SELECT * FROM PERSONS1P2 PARTITION (1);
PERSONID LASTNAME FIRSTNAME
-------- -------- ---------
3 simpson bart
SELECT * FROM PERSONS1P2 PARTITION (2);
PERSONID LASTNAME FIRSTNAME
-------- -------- ---------
1 simpson homer
2 simpson merge
And Kafka topic has been created with two partitions that can be seen by
[kafka@60593bad953d ~]$ bin/kafka-topics.sh --bootstrap-server kafka:9092 --topic test_topic_tp --describe
Topic: test_topic_tp TopicId: 0bjiekJyTXWeFyVA3zt9pw PartitionCount: 2 ReplicationFactor: 1 Configs: segment.bytes=1073741824
Topic: test_topic_tp Partition: 0 Leader: 1 Replicas: 1 Isr: 1
Topic: test_topic_tp Partition: 1 Leader: 1 Replicas: 1 Isr: 1
Consumer-1 consuming from topic partition 0
[kafka@60593bad953d ~]$ bin/kafka-console-consumer.sh --bootstrap-server kafka:9092 --topic test_topic_tp --partition 0 --from-beginning
{"schema":{"type":"struct","fields":[{"type":"int32","optional":true,"field":"PERSONID"},{"type":"string","optional":true,"field":"LASTNAME"},{"type":"string","optional":true,"field":"FIRSTNAME"}],"optional":false,"name":"testerpersons1p2"},"payload":{"PERSONID":1,"LASTNAME":"simpson","FIRSTNAME":"homer"}}
{"schema":{"type":"struct","fields":[{"type":"int32","optional":true,"field":"PERSONID"},{"type":"string","optional":true,"field":"LASTNAME"},{"type":"string","optional":true,"field":"FIRSTNAME"}],"optional":false,"name":"testerpersons1p2"},"payload":{"PERSONID":2,"LASTNAME":"simpson","FIRSTNAME":"merge"}}
Consumer-2 consuming from topic partition 1
[kafka@60593bad953d ~]$ bin/kafka-console-consumer.sh --bootstrap-server kafka:9092 --topic test_topic_tp --partition 1 --from-beginning
{"schema":{"type":"struct","fields":[{"type":"int32","optional":true,"field":"PERSONID"},{"type":"string","optional":true,"field":"LASTNAME"},{"type":"string","optional":true,"field":"FIRSTNAME"}],"optional":false,"name":"testerpersons1p2"},"payload":{"PERSONID":3,"LASTNAME":"simpson","FIRSTNAME":"bart"}}
If you observe that all data are transferred to only one partition, the possible cause could be
In order to exclude these cases, please provide the output from the following
verify the topic information
bin/kafka-topics.sh ... --describe --topic $kafka_topic
where $kafka_topic
is the target kafka topic
run the following SQL commands to verify the data are stored in multiple partitions
SELECT COUNT(*) FROM $SOURCE_TABLE PARTITION (1);
SELECT COUNT(*) FROM $SOURCE_TABLE PARTITION (2);
...
where $SOURCE_TABLE
is the source HANA table
invoke the following SQL to retrieve the partition information of the source table
SELECT TABLE_NAME, PARTITION FROM SYS.M_CS_PARTITIONS WHERE TABLE_NAME = '$SOURCE_TABLE'
where $SOURCE_TABLE
is the source HANA table
For example, for the above sample, the below statement should print
SELECT TABLE_NAME, PARTITION FROM SYS.M_CS_PARTITIONS WHERE TABLE_NAME = 'PERSONS1P2'
TABLE_NAME PARTITION
---------- ---------
PERSONS1P2 1
PERSONS1P2 2
If you could verify the above information for your table, that would be helpful in determining why all data are transferred to one partition in your scenario.

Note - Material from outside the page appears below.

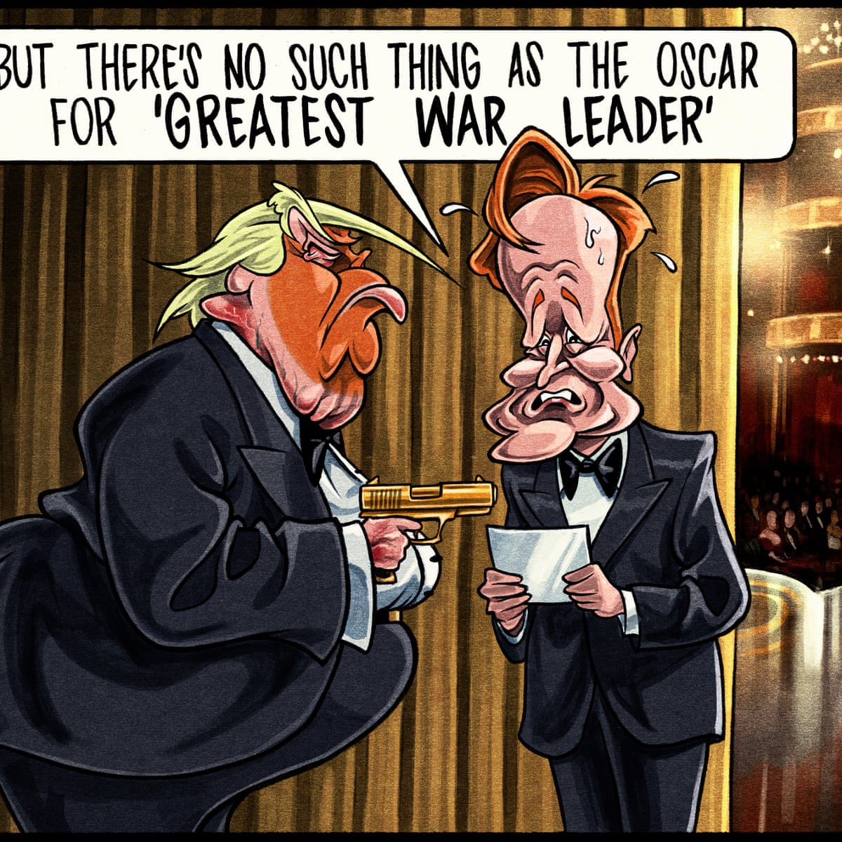 The awards ceremony, hosted by Conan O’Brien, takes place in Los Angeles on Sunday while the crisis in the Middle East rages on

Maybe, in your case, the topic partitions exist but either the data is not stored in multiple partitions or the metadata lookup didn't return the partition info.
thanks. aki
We have configured HANA source connector to read from a HANA table in bulk mode and write into a Kafka Topic. We created the topic with 3 partitions and configured partition count and max tasks as 3 in the source connector properties file. All the records are going into a single partition in the topic. This table has about 6 million rows and all of them went into partition 0. We are also using the schema registry. 3 tasks got created and each one is reading 100 rows at a time and all 3 tasks are writing into single partition in the topic. Here is the content of the properties file related with partition and tasks parameters.
"tasks.max": 3, "hana-sampletable.partition.count": 3
Is there any config we are missing in order to write the messages into all the 3 partitions?